抗菌抗ウイルス性組成物及びその製造方法

【課題】種々の用途に適用した際に、長期に渡って良好な抗菌抗ウイルス性を発揮し得る抗菌抗ウイルス性組成物及びその製造方法等を提供する。
【解決手段】BET比表面積が5〜100m2/gの亜酸化銅粒子と、アルデヒド基を有する糖類とを含有し、前記アルデヒド基を有する糖類の含有量が、前記亜酸化銅粒子100質量部に対して0.5〜10質量部である抗菌抗ウイルス性組成物及びその製造方法等である。

【発明の詳細な説明】
【技術分野】
【0001】
本発明は、建築建材、衛生用品、防汚用品等の生活環境において適用される、抗菌抗ウイルス性組成物及びその製造方法、並びに、抗菌抗ウイルス性組成物分散液、抗菌抗ウイルス性組成物含有コート剤、抗菌抗ウイルス性膜、及び抗菌抗ウイルス性物品に関する。
【背景技術】
【0002】
抗菌抗ウイルス性に有効な成分として、銅(II)イオンが知られている。例えば、特許文献1には、抗菌性及び抗ウイルス性のポリマー材料であって、イオンの銅の微視的粒子を有しており、該粒子が該ポリマー材料に封入され、かつその表面から突出している、ポリマー材料が開示されている。
また、特許文献2〜4には、抗菌抗ウイルス性能において、銅(II)の化合物より銅(I)の化合物の方が優れていることが開示されている。

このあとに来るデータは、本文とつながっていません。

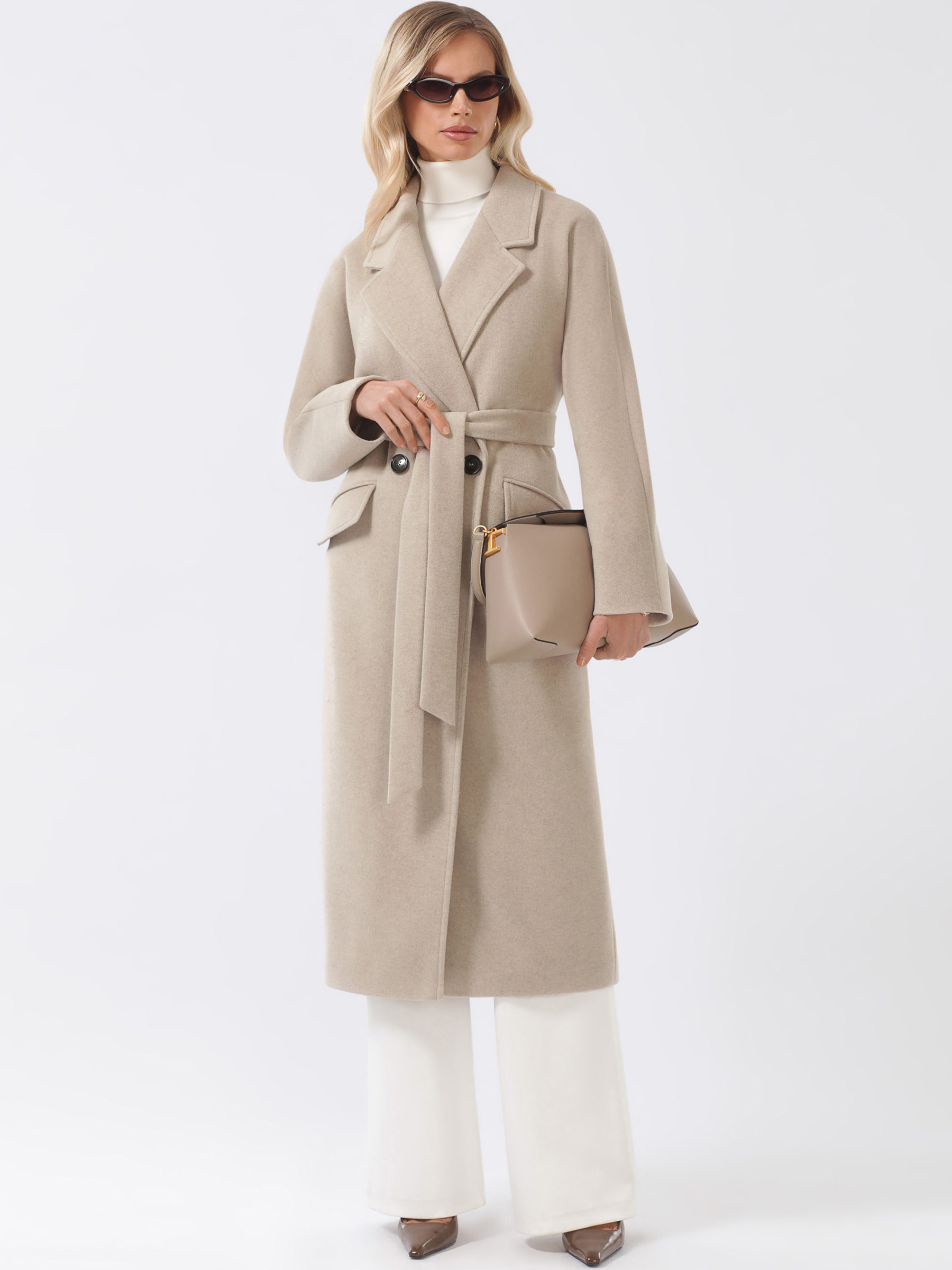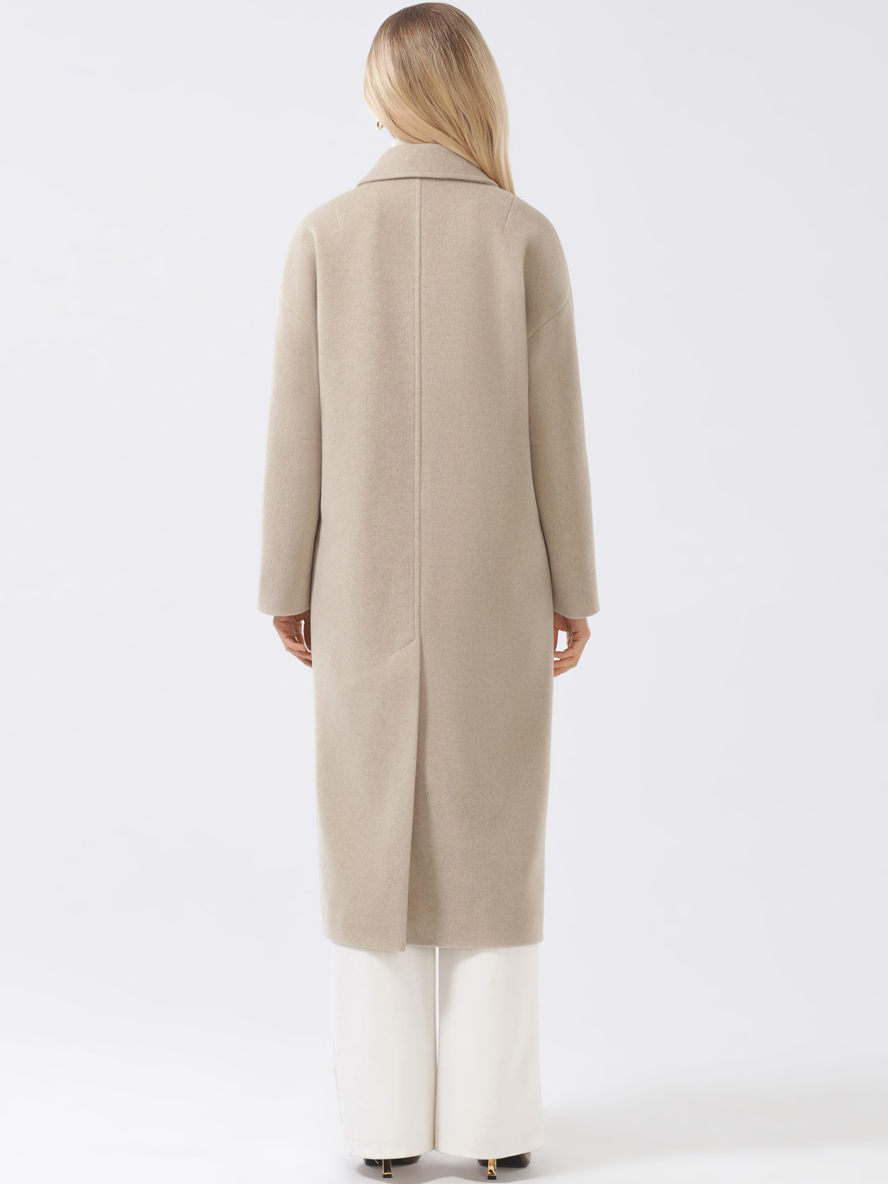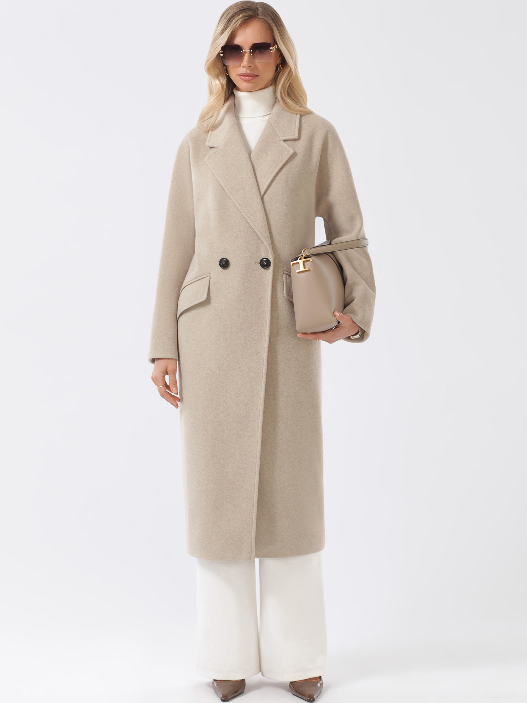 Трендовое пальто оверсайз из мягкой пластичной ткани с микроворсом. Свободный силуэт, плавная линия плеча. Комфортный комбинированный покрой рукава с возможностью отворота. Актуальный английский воротник. Карманы прорезные с клапанами, застежка на фирменные пуговицы. Шлица в среднем шве спинки. Пояс в комплекте. Модель декорирована отделочными строчками.

特許文献5には、抗菌抗ウイルス性能において、銅、酸化銅(II)、及び/又は亜酸化銅の混合組成物からなるナノ粒子が良好であると開示されている。
【0003】
また、亜酸化銅を合成する際に、グルコース等に代表される、還元性アルデヒド基を有する糖類を還元剤として使用することが広く知られている。例えば、特許文献6〜8には、グルコース等の還元糖を用いて、様々な形状を持つ数ミクロンサイズの亜酸化銅の合成について開示されている。
【0004】
さらに、光触媒物質上に銅の化合物を担持して、抗菌抗ウイルス性能を付与する研究も知られている。例えば、特許文献9には、紫外線照射下でウイルスを不活性化する酸化銅(II)担持酸化チタンからなるファージ・ウイルスの不活性剤が開示されている。

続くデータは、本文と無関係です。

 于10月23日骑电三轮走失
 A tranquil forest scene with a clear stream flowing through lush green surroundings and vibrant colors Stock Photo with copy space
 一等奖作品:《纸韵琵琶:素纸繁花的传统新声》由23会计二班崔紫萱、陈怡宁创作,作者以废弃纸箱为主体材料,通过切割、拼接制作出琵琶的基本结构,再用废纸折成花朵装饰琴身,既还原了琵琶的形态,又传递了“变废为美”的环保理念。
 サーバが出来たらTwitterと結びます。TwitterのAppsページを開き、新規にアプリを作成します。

また、特許文献10には、亜酸化銅(I)担持酸化チタンが抗ウイルス性能を示すことが開示されている。特許文献11には、抗菌抗ウイルス性能において、亜酸化銅(I)が高い性能を示すことが記載されている。
【0005】
良好な抗菌抗ウイルス性を示す銅(I)の化合物としては亜酸化銅が知られているが、純粋な亜酸化銅のナノ微粒子は、大気中では不安定で、徐々に酸化銅(II)に酸化されて、抗菌抗ウイルス性能が弱まっていく。しかしこのような抗菌抗ウイルス性の低下という問題について、特許文献1〜4は、何ら開示していない。

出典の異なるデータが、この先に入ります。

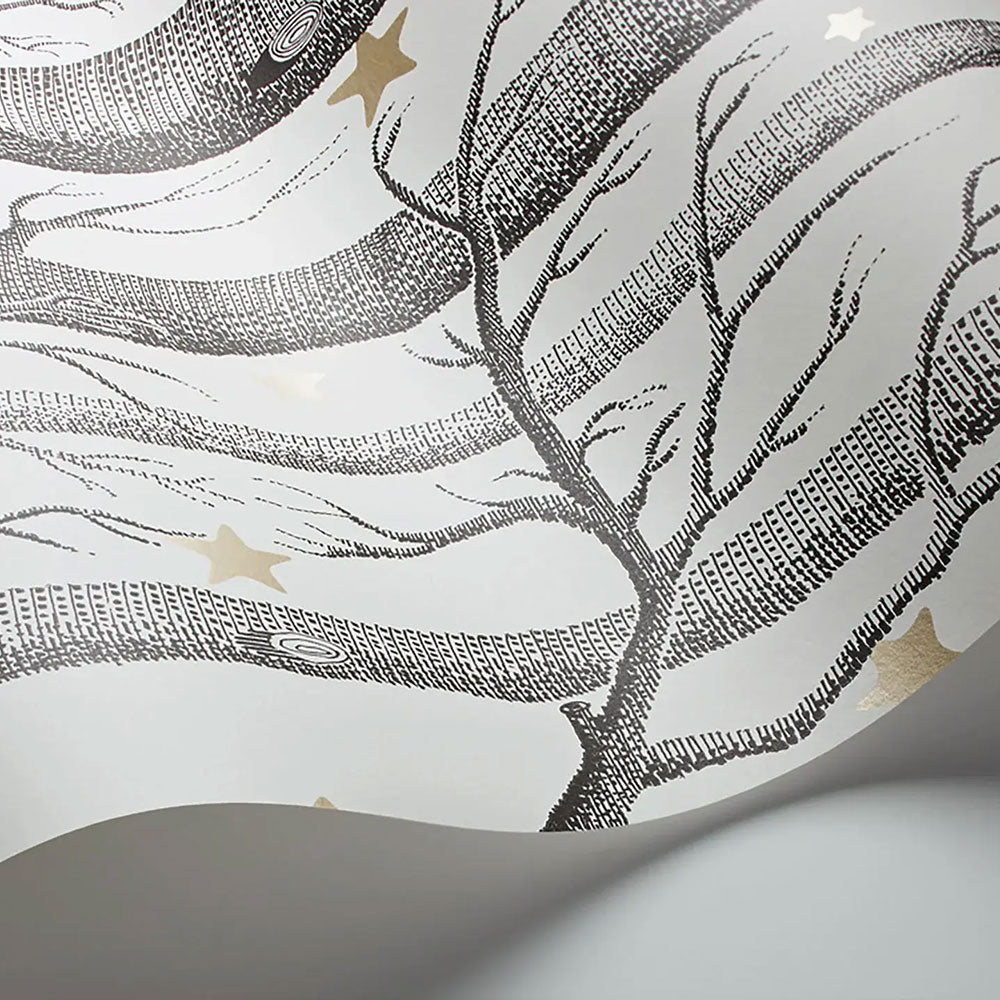 By combining the Cole & Son classic, Woods, with a magical addition our Design House artists have produced the charming and enigmatic Woods & Stars tree wallpaper. Printed in colour moods ranging from cool neutrals and metallics through to midnight blue and inky black, Woods & Stars ushers you into a fairytale woodland.

特許文献5においては、亜酸化銅のナノ粒子単体での評価はなく、また、亜酸化銅のナノ粒子が大気中で酸化されやすく、それによって、抗菌抗ウイルス性が低下するという問題についても開示されていない。
【0006】
特許文献6〜8では、亜酸化銅を合成した後に還元剤を除去している。従って、これらの文献に記載された方法で得られた亜酸化銅粉末も大気中で酸化されやすく、それによって、抗菌抗ウイルス性が低下する可能性がある。また、これらの文献に記載された方法で得られたミクロンサイズの亜酸化銅は、比表面積が小さくなり、抗菌抗ウイルス性能が低下する可能性がある。
【0007】
特許文献9には、亜酸化銅が極めて高い抗菌抗ウイルス性能を示すことは何ら開示されていない。また、抗菌抗ウイルス用途で使用するには、酸化チタン表面で酸化銅(II)の状態を維持した状態よりも、亜酸化銅の状態にした方が抗菌抗ウイルスの効果は大きい。さらに、亜酸化銅ナノ粒子が大気中で酸化され、酸化銅(II)となったものを、光触媒によって亜酸化銅に還元することは、抗菌抗ウイルス効果の持続に有利であるが、これらに関する記載もない。
特許文献10に記載の亜酸化銅(I)担持酸化チタンも大気中で酸化されやすい点については他の文献の場合と変わらず、抗菌抗ウイルス性が低下する可能性がある。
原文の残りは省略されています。